Your copy should match the listing below exactly, except that it holds no images.

§ Data segment

--- START ---

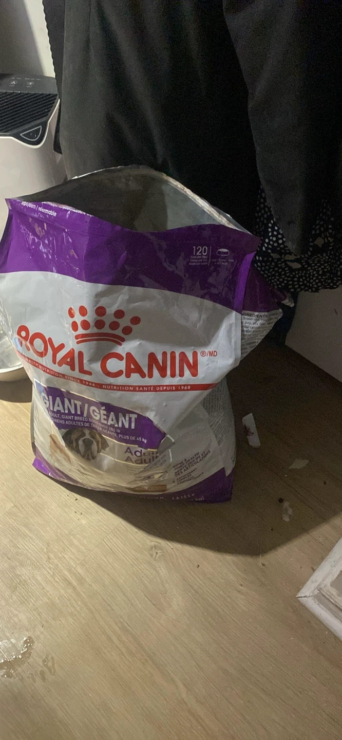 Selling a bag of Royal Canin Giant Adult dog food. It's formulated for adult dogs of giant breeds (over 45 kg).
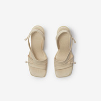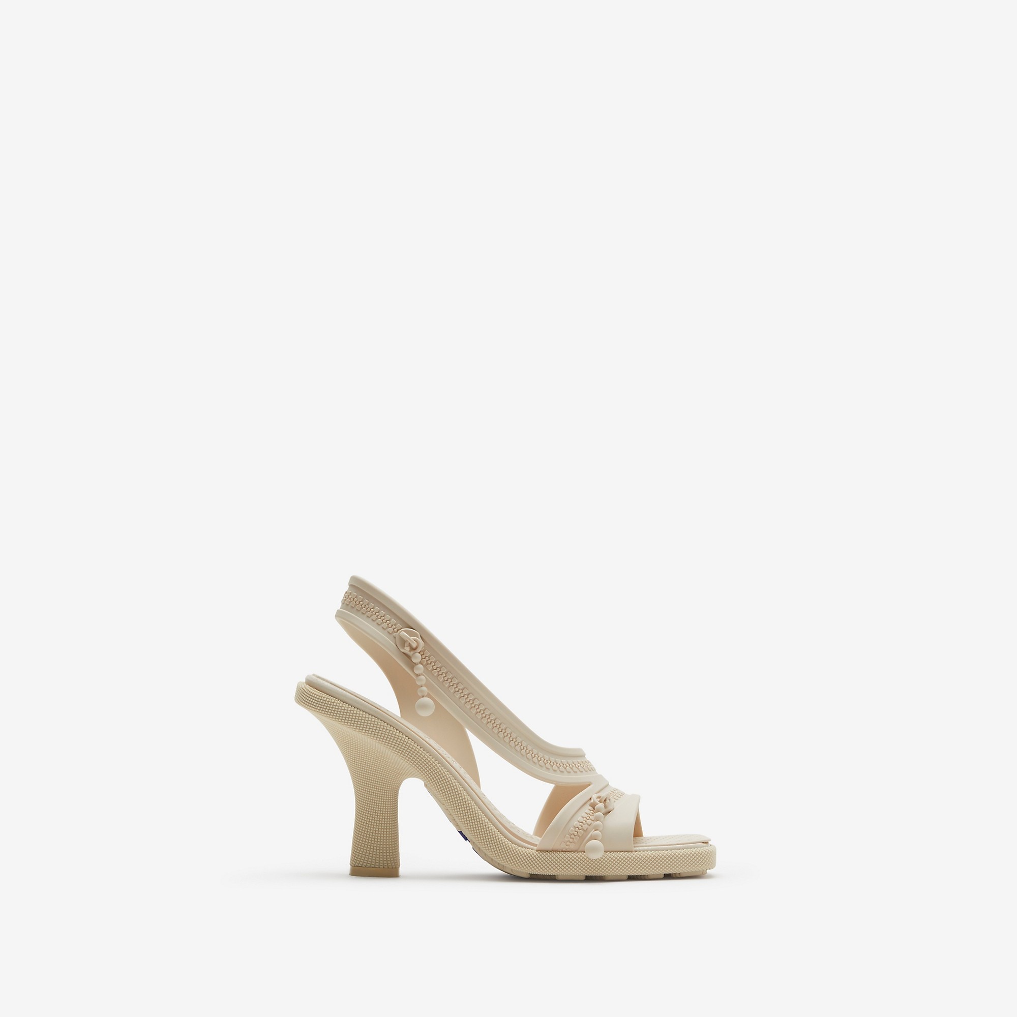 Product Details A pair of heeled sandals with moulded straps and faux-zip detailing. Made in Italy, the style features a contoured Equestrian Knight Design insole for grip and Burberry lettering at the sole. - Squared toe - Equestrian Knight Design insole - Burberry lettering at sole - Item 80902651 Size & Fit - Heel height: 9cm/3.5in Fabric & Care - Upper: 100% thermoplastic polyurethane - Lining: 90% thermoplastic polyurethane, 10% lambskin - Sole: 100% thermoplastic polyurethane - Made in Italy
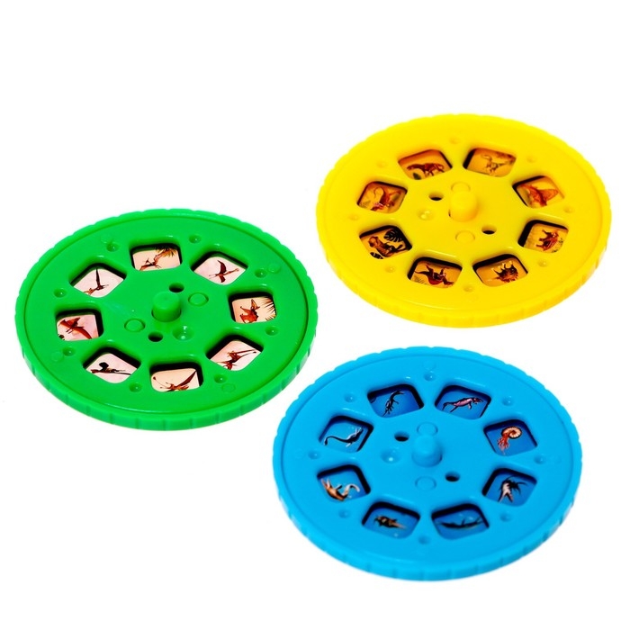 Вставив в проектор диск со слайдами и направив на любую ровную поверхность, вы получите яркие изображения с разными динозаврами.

--- END ---

§ Written reply
 Selling a bag of Royal Canin Giant Adult dog food. It's formulated for adult dogs of giant breeds (over 45 kg).
 Product Details A pair of heeled sandals with moulded straps and faux-zip detailing. Made in Italy, the style features a contoured Equestrian Knight Design insole for grip and Burberry lettering at the sole. - Squared toe - Equestrian Knight Design insole - Burberry lettering at sole - Item 80902651 Size & Fit - Heel height: 9cm/3.5in Fabric & Care - Upper: 100% thermoplastic polyurethane - Lining: 90% thermoplastic polyurethane, 10% lambskin - Sole: 100% thermoplastic polyurethane - Made in Italy
 Вставив в проектор диск со слайдами и направив на любую ровную поверхность, вы получите яркие изображения с разными динозаврами.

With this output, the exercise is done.